_Task requirements_: When writing out the entries below, keep only the lines from the line with "Monotoned dark gray" to the line with "学院结合线下学习和云端学习,全面学习贯彻", both included, exactly as they are, and leave the pictures aside.

+++ Dataset extract

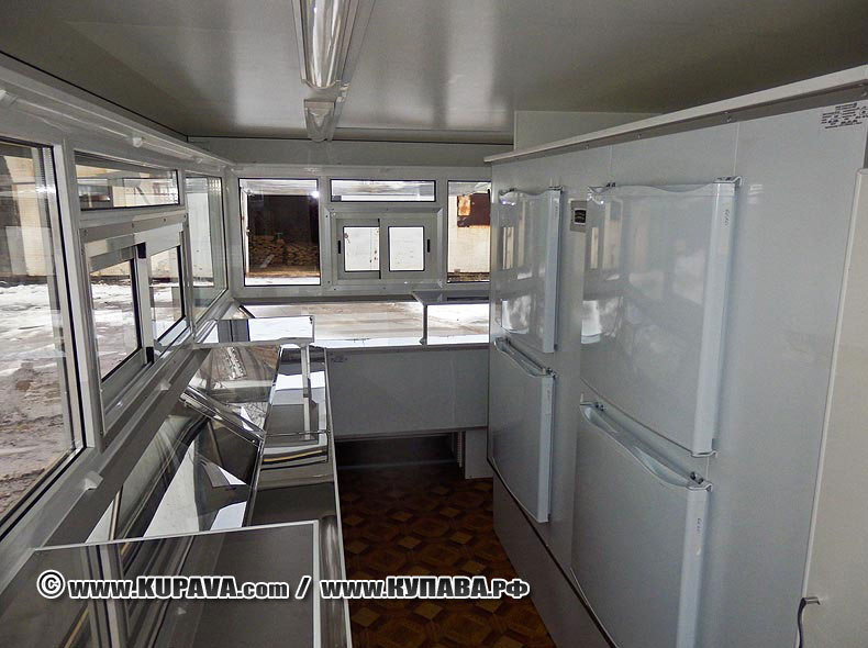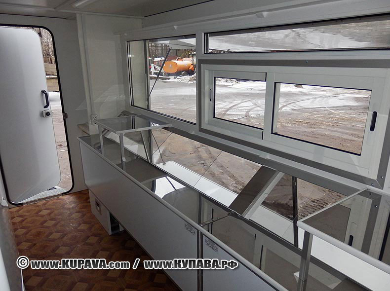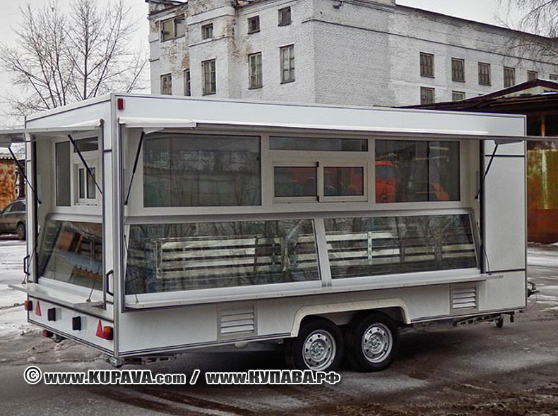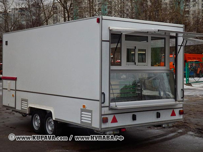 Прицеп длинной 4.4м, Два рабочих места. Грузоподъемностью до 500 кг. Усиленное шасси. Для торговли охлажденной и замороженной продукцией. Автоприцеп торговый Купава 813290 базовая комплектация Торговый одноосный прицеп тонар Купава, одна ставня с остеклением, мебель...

++++++
+++ Dataset extract

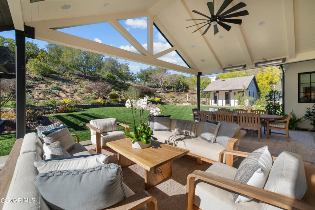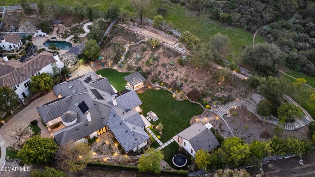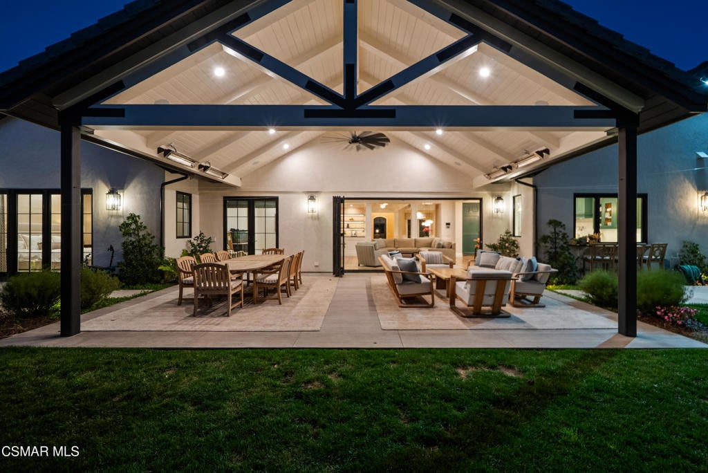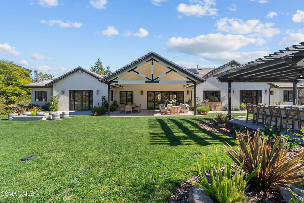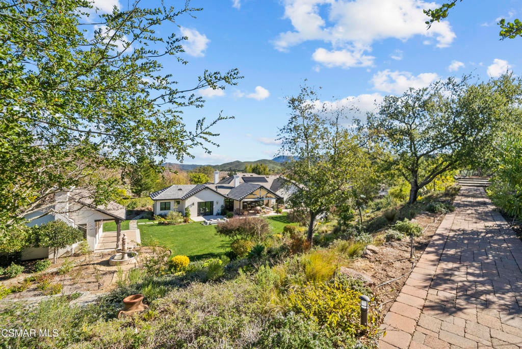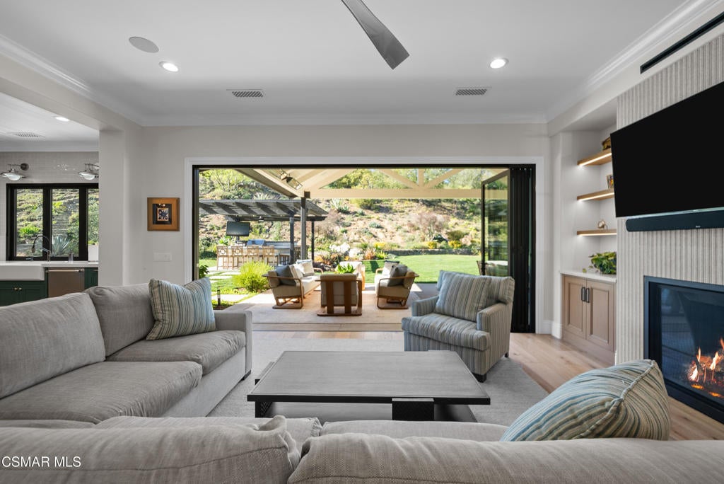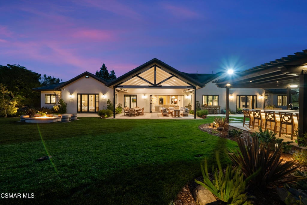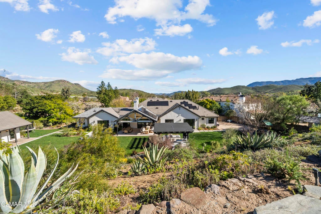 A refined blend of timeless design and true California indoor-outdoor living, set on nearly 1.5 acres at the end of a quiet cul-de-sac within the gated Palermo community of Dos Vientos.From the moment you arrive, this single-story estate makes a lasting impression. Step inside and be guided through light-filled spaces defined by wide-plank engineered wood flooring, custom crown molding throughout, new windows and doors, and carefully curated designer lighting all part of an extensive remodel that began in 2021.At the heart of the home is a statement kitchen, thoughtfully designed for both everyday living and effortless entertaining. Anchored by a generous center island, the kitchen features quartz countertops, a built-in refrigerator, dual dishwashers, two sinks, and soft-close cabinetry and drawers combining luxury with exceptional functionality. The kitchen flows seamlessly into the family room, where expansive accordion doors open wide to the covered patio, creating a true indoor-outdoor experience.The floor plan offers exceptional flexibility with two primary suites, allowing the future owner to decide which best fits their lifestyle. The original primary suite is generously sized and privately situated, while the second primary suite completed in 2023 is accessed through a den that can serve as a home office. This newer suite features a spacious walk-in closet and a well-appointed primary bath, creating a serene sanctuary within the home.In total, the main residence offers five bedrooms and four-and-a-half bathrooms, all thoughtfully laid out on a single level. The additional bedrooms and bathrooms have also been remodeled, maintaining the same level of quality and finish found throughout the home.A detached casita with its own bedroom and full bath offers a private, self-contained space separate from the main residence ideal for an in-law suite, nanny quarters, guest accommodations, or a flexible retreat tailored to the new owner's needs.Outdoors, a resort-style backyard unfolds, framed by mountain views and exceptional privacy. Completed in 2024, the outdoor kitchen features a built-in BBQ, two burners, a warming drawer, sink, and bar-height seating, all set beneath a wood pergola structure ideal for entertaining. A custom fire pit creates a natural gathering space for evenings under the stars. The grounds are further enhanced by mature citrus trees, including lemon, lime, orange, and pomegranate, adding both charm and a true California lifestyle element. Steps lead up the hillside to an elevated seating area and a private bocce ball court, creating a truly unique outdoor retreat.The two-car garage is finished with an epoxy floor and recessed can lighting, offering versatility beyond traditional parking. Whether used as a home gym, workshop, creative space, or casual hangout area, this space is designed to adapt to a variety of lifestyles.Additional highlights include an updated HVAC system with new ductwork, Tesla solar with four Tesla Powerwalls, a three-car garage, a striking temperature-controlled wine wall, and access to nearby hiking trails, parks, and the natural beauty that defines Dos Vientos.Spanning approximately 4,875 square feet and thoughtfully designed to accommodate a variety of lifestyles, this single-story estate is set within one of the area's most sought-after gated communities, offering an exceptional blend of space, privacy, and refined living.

++++++
+++ Dataset extract

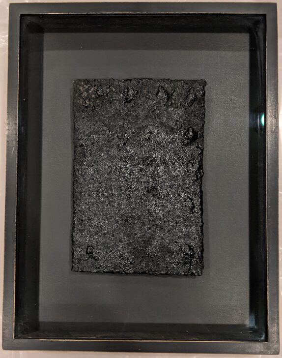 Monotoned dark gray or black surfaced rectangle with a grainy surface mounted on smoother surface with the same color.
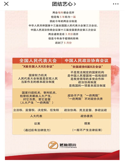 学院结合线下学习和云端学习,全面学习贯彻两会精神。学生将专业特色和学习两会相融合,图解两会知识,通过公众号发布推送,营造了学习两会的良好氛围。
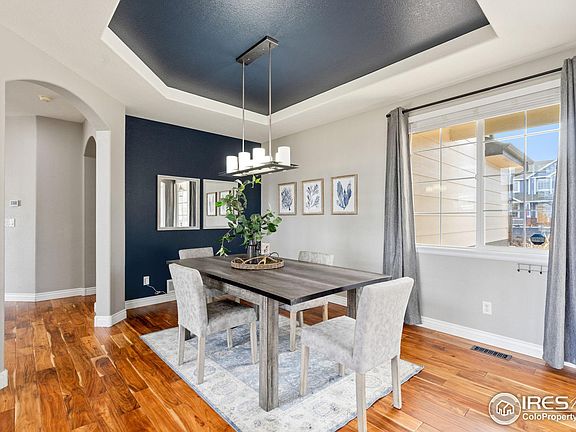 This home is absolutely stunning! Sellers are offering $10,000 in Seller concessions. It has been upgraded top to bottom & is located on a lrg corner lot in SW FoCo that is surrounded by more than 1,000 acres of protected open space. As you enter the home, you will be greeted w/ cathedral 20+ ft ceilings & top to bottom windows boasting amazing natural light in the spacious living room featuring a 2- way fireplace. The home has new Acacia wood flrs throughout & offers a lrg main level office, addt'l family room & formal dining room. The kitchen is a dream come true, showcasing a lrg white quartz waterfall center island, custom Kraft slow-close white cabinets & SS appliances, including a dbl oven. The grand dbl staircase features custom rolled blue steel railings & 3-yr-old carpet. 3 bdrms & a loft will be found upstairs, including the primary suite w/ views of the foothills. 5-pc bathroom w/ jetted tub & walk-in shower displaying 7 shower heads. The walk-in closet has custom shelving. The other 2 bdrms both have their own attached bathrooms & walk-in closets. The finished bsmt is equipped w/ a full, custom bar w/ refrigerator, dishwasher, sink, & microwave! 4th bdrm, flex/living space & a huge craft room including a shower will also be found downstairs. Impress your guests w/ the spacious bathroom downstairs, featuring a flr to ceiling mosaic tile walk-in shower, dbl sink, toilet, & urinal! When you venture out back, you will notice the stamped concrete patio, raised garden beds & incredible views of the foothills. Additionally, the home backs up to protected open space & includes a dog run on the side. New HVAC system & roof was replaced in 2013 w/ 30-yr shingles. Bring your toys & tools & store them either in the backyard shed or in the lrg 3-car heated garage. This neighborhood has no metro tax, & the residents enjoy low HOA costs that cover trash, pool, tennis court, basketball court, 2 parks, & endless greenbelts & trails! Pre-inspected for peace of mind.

++++++

_Response to the exercise_:
 Monotoned dark gray or black surfaced rectangle with a grainy surface mounted on smoother surface with the same color.
 学院结合线下学习和云端学习,全面学习贯彻两会精神。学生将专业特色和学习两会相融合,图解两会知识,通过公众号发布推送,营造了学习两会的良好氛围。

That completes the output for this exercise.